Material provided:

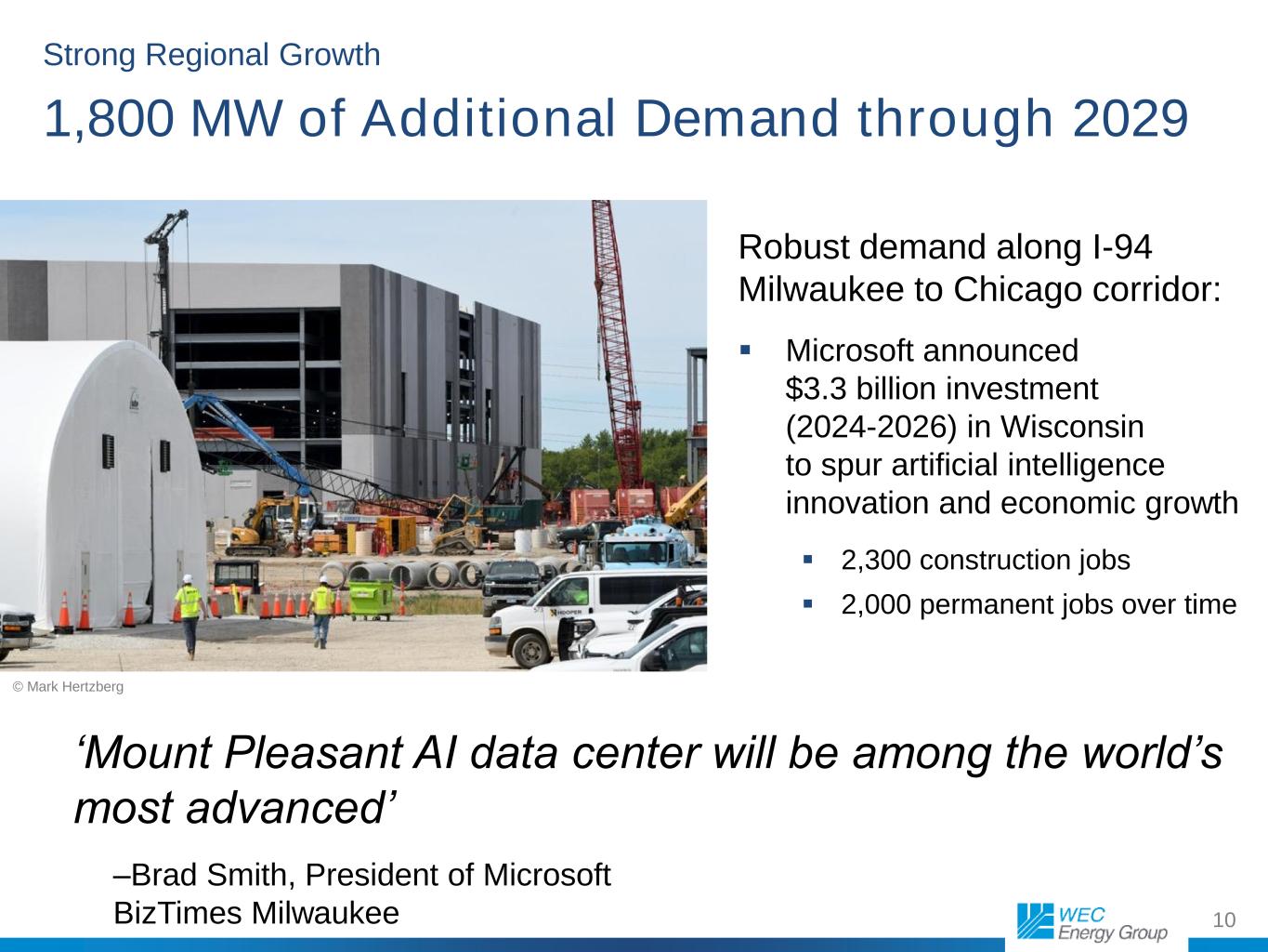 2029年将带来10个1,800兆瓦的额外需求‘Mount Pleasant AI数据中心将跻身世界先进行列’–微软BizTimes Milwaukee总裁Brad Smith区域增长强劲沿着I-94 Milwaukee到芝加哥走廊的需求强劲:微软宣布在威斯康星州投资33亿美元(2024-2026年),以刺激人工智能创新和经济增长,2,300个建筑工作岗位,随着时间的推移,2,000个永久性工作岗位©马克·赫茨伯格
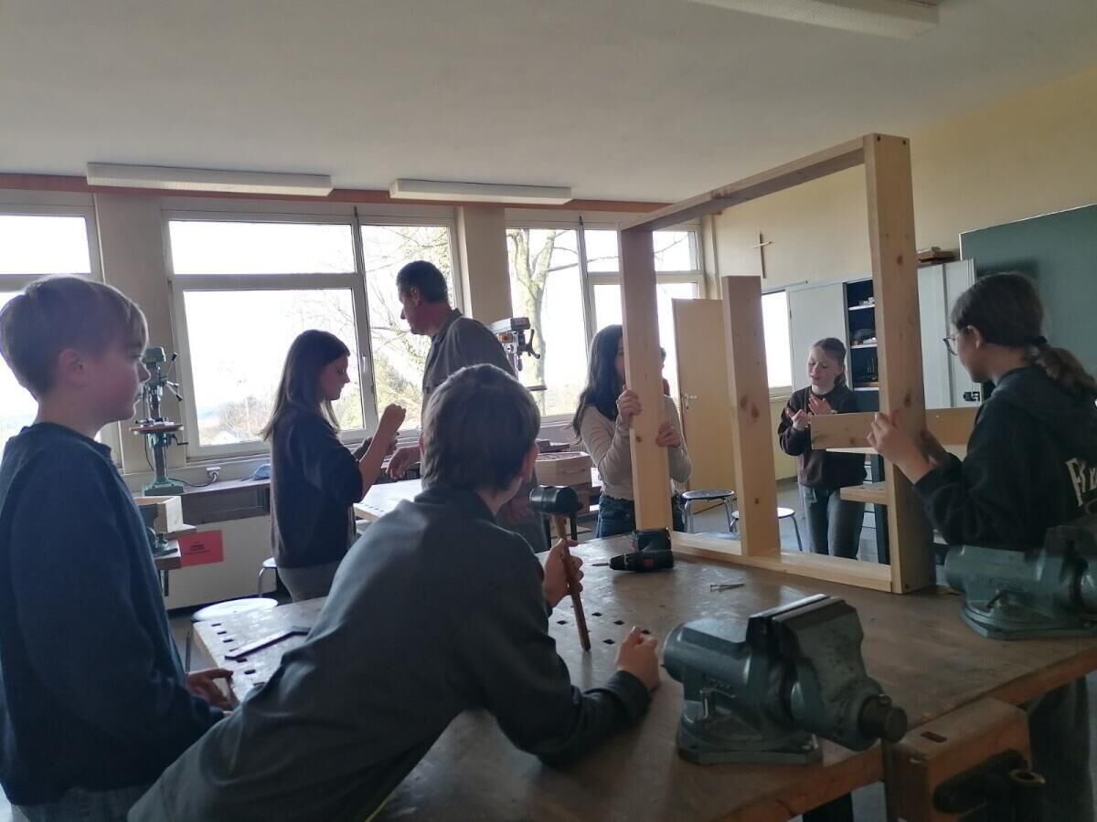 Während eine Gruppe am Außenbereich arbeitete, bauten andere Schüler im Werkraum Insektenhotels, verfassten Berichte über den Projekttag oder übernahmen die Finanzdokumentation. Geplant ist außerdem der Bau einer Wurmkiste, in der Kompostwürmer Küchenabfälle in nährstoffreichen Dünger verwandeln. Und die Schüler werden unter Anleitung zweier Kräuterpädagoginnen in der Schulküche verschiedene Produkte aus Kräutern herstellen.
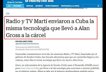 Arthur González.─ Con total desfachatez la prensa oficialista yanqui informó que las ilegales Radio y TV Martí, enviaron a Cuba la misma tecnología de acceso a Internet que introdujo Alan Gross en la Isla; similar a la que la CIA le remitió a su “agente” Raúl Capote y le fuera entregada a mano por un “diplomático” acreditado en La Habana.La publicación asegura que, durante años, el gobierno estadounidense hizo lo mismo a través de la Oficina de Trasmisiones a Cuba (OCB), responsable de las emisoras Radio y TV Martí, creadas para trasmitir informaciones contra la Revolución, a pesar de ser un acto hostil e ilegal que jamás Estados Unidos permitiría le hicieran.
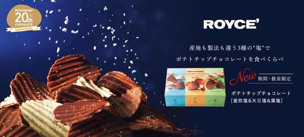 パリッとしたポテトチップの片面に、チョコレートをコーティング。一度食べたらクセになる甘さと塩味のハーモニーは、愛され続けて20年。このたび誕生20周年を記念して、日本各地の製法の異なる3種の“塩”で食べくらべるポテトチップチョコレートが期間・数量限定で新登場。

Task statement: The expected output is the full material above, unaltered, with pictures removed.

The completed task:
 2029年将带来10个1,800兆瓦的额外需求‘Mount Pleasant AI数据中心将跻身世界先进行列’–微软BizTimes Milwaukee总裁Brad Smith区域增长强劲沿着I-94 Milwaukee到芝加哥走廊的需求强劲:微软宣布在威斯康星州投资33亿美元(2024-2026年),以刺激人工智能创新和经济增长,2,300个建筑工作岗位,随着时间的推移,2,000个永久性工作岗位©马克·赫茨伯格
 Während eine Gruppe am Außenbereich arbeitete, bauten andere Schüler im Werkraum Insektenhotels, verfassten Berichte über den Projekttag oder übernahmen die Finanzdokumentation. Geplant ist außerdem der Bau einer Wurmkiste, in der Kompostwürmer Küchenabfälle in nährstoffreichen Dünger verwandeln. Und die Schüler werden unter Anleitung zweier Kräuterpädagoginnen in der Schulküche verschiedene Produkte aus Kräutern herstellen.
 Arthur González.─ Con total desfachatez la prensa oficialista yanqui informó que las ilegales Radio y TV Martí, enviaron a Cuba la misma tecnología de acceso a Internet que introdujo Alan Gross en la Isla; similar a la que la CIA le remitió a su “agente” Raúl Capote y le fuera entregada a mano por un “diplomático” acreditado en La Habana.La publicación asegura que, durante años, el gobierno estadounidense hizo lo mismo a través de la Oficina de Trasmisiones a Cuba (OCB), responsable de las emisoras Radio y TV Martí, creadas para trasmitir informaciones contra la Revolución, a pesar de ser un acto hostil e ilegal que jamás Estados Unidos permitiría le hicieran.
 パリッとしたポテトチップの片面に、チョコレートをコーティング。一度食べたらクセになる甘さと塩味のハーモニーは、愛され続けて20年。このたび誕生20周年を記念して、日本各地の製法の異なる3種の“塩”で食べくらべるポテトチップチョコレートが期間・数量限定で新登場。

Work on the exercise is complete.